In Connecticut a new law went into affect on Dec. 31 requiring commercial motor vehicles remove snow and ice from hoods, trunks and roofs or their operators will face fines ranging from $75 to $1,250.
Operators of commercial vehicles who simply do not remove the accumulated snow and ice can be fined $75, however, the law calls for stiffer penalties when there’s personal or property damage from the flying elements. In those instances the operator can face a fine ranging from $500 to $1,250 each time it happens.
“This is a law meant to protect citizens and motorists from these elements that can be very dangerous when coming off traveling trucks on our highways and streets,” said DMV Commissioner Melody A. Currey in a press release. The fines carry the penalty of an infraction.
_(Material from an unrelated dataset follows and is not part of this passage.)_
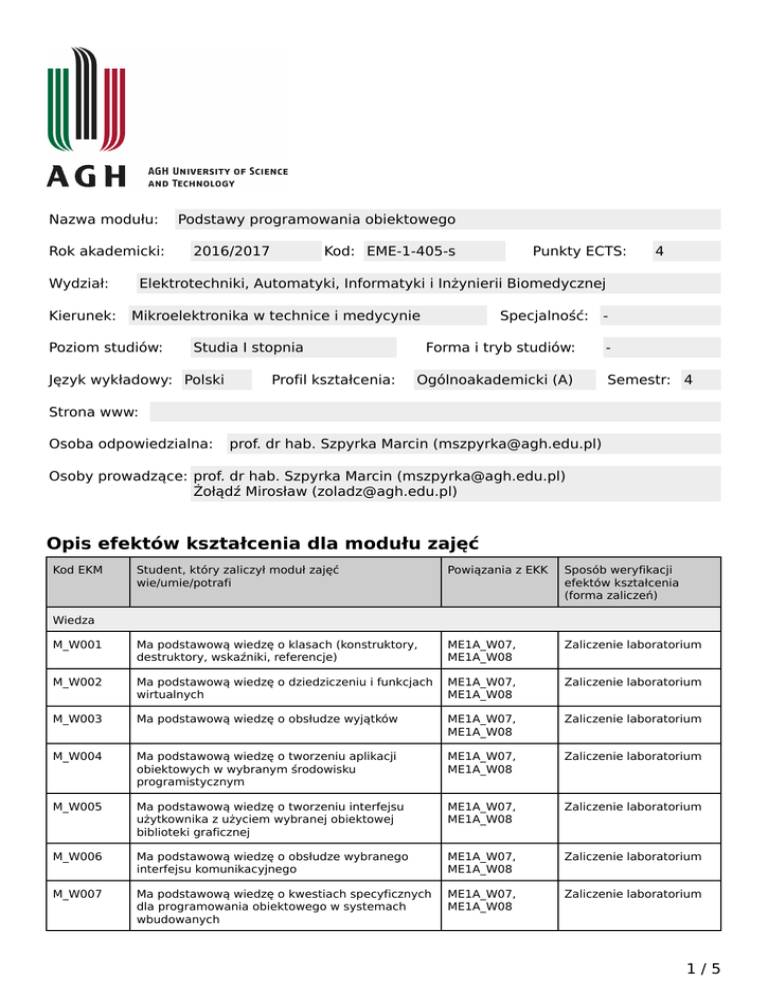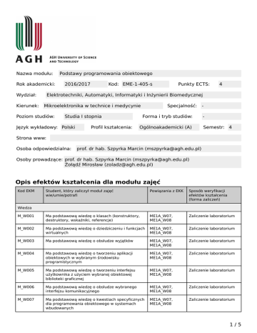 Nazwa modułu: Rok akademicki: Wydział: Kierunek: Podstawy programowania obiektowego 2016/2017 Kod: EME-1-405-s Punkty ECTS: 4 Elektrotechniki, Automatyki, Informatyki i Inżynierii Biomedycznej Mikroelektronika w technice i medycynie Poziom studiów: Studia I stopnia Język wykładowy: Polski Profil kształcenia: Specjalność: Forma i tryb studiów: Ogólnoakademicki (A) Semestr: 4 Strona www: Osoba odpowiedzialna: prof. dr hab. Szpyrka Marcin ([email protected]) Osoby prowadzące: prof. dr hab. Szpyrka Marcin ([email protected]) Żołądź Mirosław ([email protected]) Opis efektów kształcenia dla modułu zajęć Kod EKM Student, który zaliczył moduł zajęć wie/umie/potrafi Powiązania z EKK Sposób weryfikacji efektów kształcenia (forma zaliczeń) M_W001 Ma podstawową wiedzę o klasach (konstruktory, destruktory, wskaźniki, referencje) ME1A_W07, ME1A_W08 Zaliczenie laboratorium M_W002 Ma podstawową wiedzę o dziedziczeniu i funkcjach wirtualnych ME1A_W07, ME1A_W08 Zaliczenie laboratorium M_W003 Ma podstawową wiedzę o obsłudze wyjątków ME1A_W07, ME1A_W08 Zaliczenie laboratorium M_W004 Ma podstawową wiedzę o tworzeniu aplikacji obiektowych w wybranym środowisku programistycznym ME1A_W07, ME1A_W08 Zaliczenie laboratorium M_W005 Ma podstawową wiedzę o tworzeniu interfejsu użytkownika z użyciem wybranej obiektowej biblioteki graficznej ME1A_W07, ME1A_W08 Zaliczenie laboratorium M_W006 Ma podstawową wiedzę o obsłudze wybranego interfejsu komunikacyjnego ME1A_W07, ME1A_W08 Zaliczenie laboratorium M_W007 Ma podstawową wiedzę o kwestiach specyficznych dla programowania obiektowego w systemach wbudowanych ME1A_W07, ME1A_W08 Zaliczenie laboratorium Wiedza 1/5 Karta modułu - Podstawy programowania obiektowego Umiejętności M_U001 Potrafi w podstawowym zakresie budować klasy zawierające konstruktor/destruktor ME1A_U22 Zaliczenie laboratorium M_U002 Potrafi w podstawowym zakresie wykorzystywać wskaźniki do składników klas ME1A_U22 Zaliczenie laboratorium M_U003 Potrafi w podstawowym zakresie wykorzystywać dziedziczenie i funkcje wirtualne ME1A_U22 Zaliczenie laboratorium M_U004 Potrafi w podstawowym zakresie obsługiwać wyjątki ME1A_U22 Zaliczenie laboratorium M_U005 Potrafi w podstawowym zakresie tworzyć aplikacje obiektowe w wybranym środowisku programistycznym ME1A_U22 Zaliczenie laboratorium M_U006 Potrafi w podstawowym zakresie tworzyć interfejs użytkownika z użyciem wybranej biblioteki graficznej ME1A_U22 Zaliczenie laboratorium M_U007 Potrafi w podstawowym zakresie obsługiwać wybrane interfejsy komunikacyjne ME1A_U22 Zaliczenie laboratorium M_U088 Potrafi w podstawowym zakresie tworzyć programy obiektowe dla systemów wbudowanych ME1A_U22 Zaliczenie laboratorium Matryca efektów kształcenia w odniesieniu do form zajęć Konwersatori um Zajęcia seminaryjne Zajęcia praktyczne Zajęcia terenowe Zajęcia warsztatowe Ma podstawową wiedzę o klasach (konstruktory, destruktory, wskaźniki, referencje) + - - - - - - - - - - M_W002 Ma podstawową wiedzę o dziedziczeniu i funkcjach wirtualnych + - - - - - - - - - - M_W003 Ma podstawową wiedzę o obsłudze wyjątków + - - - - - - - - - - M_W004 Ma podstawową wiedzę o tworzeniu aplikacji obiektowych w wybranym środowisku programistycznym + - - - - - - - - - - M_W005 Ma podstawową wiedzę o tworzeniu interfejsu użytkownika z użyciem wybranej obiektowej biblioteki graficznej + - - - - - - - - - - E-learning Ćwiczenia projektowe M_W001 Inne Ćwiczenia laboratoryjne Forma zajęć Ćwiczenia audytoryjne Student, który zaliczył moduł zajęć wie/umie/potrafi Wykład Kod EKM Wiedza 2/5 Karta modułu - Podstawy programowania obiektowego M_W006 Ma podstawową wiedzę o obsłudze wybranego interfejsu komunikacyjnego + - - - - - - - - - - M_W007 Ma podstawową wiedzę o kwestiach specyficznych dla programowania obiektowego w systemach wbudowanych + - - - - - - - - - - M_U001 Potrafi w podstawowym zakresie budować klasy zawierające konstruktor/destruktor - - + - - - - - - - - M_U002 Potrafi w podstawowym zakresie wykorzystywać wskaźniki do składników klas - - + - - - - - - - - M_U003 Potrafi w podstawowym zakresie wykorzystywać dziedziczenie i funkcje wirtualne - - + - - - - - - - - M_U004 Potrafi w podstawowym zakresie obsługiwać wyjątki - - + - - - - - - - - M_U005 Potrafi w podstawowym zakresie tworzyć aplikacje obiektowe w wybranym środowisku programistycznym - - + - - - - - - - - M_U006 Potrafi w podstawowym zakresie tworzyć interfejs użytkownika z użyciem wybranej biblioteki graficznej - - + - - - - - - - - M_U007 Potrafi w podstawowym zakresie obsługiwać wybrane interfejsy komunikacyjne - - + - - - - - - - - M_U088 Potrafi w podstawowym zakresie tworzyć programy obiektowe dla systemów wbudowanych - - + - - - - - - - - Umiejętności Treść modułu zajęć (program wykładów i pozostałych zajęć) Wykład 1. Język C++ (powtórzenie podstawowych wiadomości): typy danych, instrukcje sterujące, funkcje, wskaźniki, obsługa plików. 2. Klasy: składniki klasy, wskaźnik this, konstruktory, destruktory, przeładowanie operatorów, konwersje. 3. Dziedziczenie i funkcje wirtualne. 4. Obsługa wyjątków. 5. Podstawowe informacje o szablonach funkcji i szablonach klas. Wybrane szablony biblioteki standardowej. 6. Biblioteka Qt i rozszerzenia języka C++. Przegląd wybranych klas. Przykłady implementacji aplikacji z interfejsem graficznym. 3/5 Karta modułu - Podstawy programowania obiektowego Ćwiczenia laboratoryjne 1. Tworzenie klas zawierających konstruktor/destruktor. 2. Wykorzystywanie wskaźników do składników klas. 3. Stosowanie dziedziczenie i funkcji wirtualnych. 4. Obsługa wyjątków. 5. Tworzeni interfejsu użytkownika z użyciem wybranej biblioteki graficznej. 6. Obsługa wybranego interfejsu komunikacyjnego. 7. Tworzenie programu kontrolno/pomiarowego dla wybranego systemu wbudowanego z wykorzystaniem technik obiektowych. 8. Tworzenie aplikacji użytkownika

Operators are exempt from the fines when the snow, sleet and freezing rain begins or continues while the vehicle is traveling. Parked vehicles are also exempt from the required removal of ice and snow.
New Jersey and Pennsylvania have laws similar to Connecticut's, and the state of New York is considering a bill that would also require all vehicles remove snow and ice prior to taking off on the road.
These laws have raised concerns within the trucking industry over safety issues, especially considering the various laws require removing snow and ice from the tops of trailers, which are beyond dangerous for drivers to climb on.
So what are the options for drivers? In short, there aren't that many.
"A survey by the American Transportation Research Institute reveals that there remains a lack of economically feasible, easily deployable solutions available to motor carriers. ATRI said that snow throwers—devices that utilize an H-frame and rotate three times to throw snow as far as 20 feet away—cost about $70,000. Snow scrapers—devices mounted on H-frame that trailers can pull under to scrape the snow—run about $15,000 to $18,000," according to an article by Penske.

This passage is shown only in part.